Section 4.3 oblivious_trees
This is the list of trees. Each tree is computed separately. I will try to explain these trees by computing tree values for example trees.
Example 1
{
"leaf_weights":[2, 49, 18, 931],
"leaf_values":[1.153793657, 0.3428686569, 0.06438921655, 0.0150123653],
"splits":
[
{
"split_index":189,
"split_type":"OnlineCtr",
"border":3.999999046,
"ctr_target_border_idx":0
},
{
"split_index":86,
"split_type":"OnlineCtr",
"border":4.999999046,
"ctr_target_border_idx":0
}
]
}
There are 2 important parts
splits : List of conditions to be used in different levels of tree. Since Catboost generate Symmetric trees we need only len(splits) = depth of tree. This list is in reverse order i.e. last element in the list is used in root of the tree. We just need "split_index" from this part to compute the node values.
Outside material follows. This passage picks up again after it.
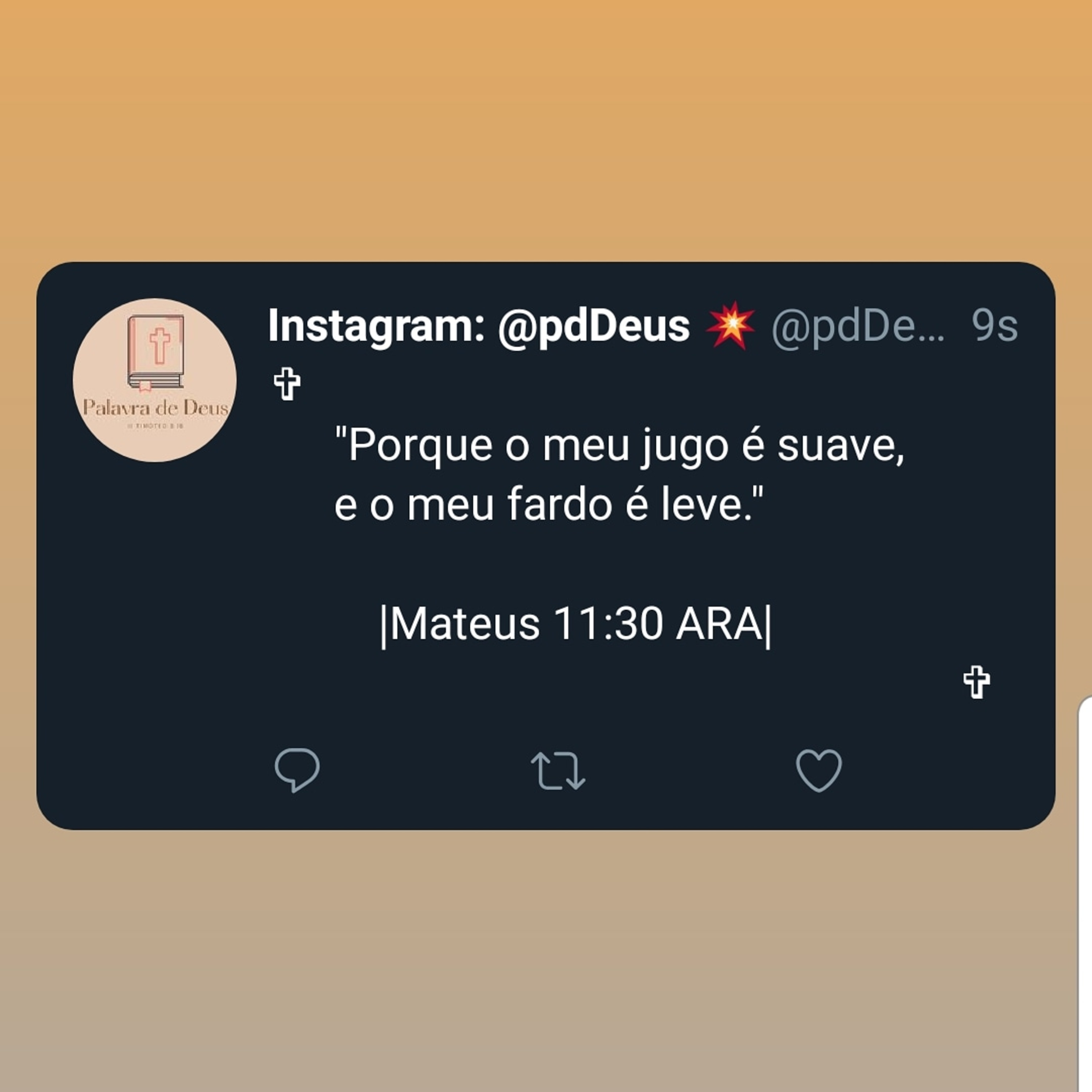 Que a paz, o alívio, a mansidão e a humildade de Cristo sejam com vocês, e tomem posse do fardo leve que Jesus trocou pelo seu naquela Cruz. Amém?

leaf_values: there are 2^(tree_depth) number of values in this representing terminal node values of the complete tree from left to right. We just need split_index to compute the node value.
Section 4.6.1
If split_type of split is "OneHotFeature", it might not be listed in the features_info section, but it is still the part of global list of split_indexes.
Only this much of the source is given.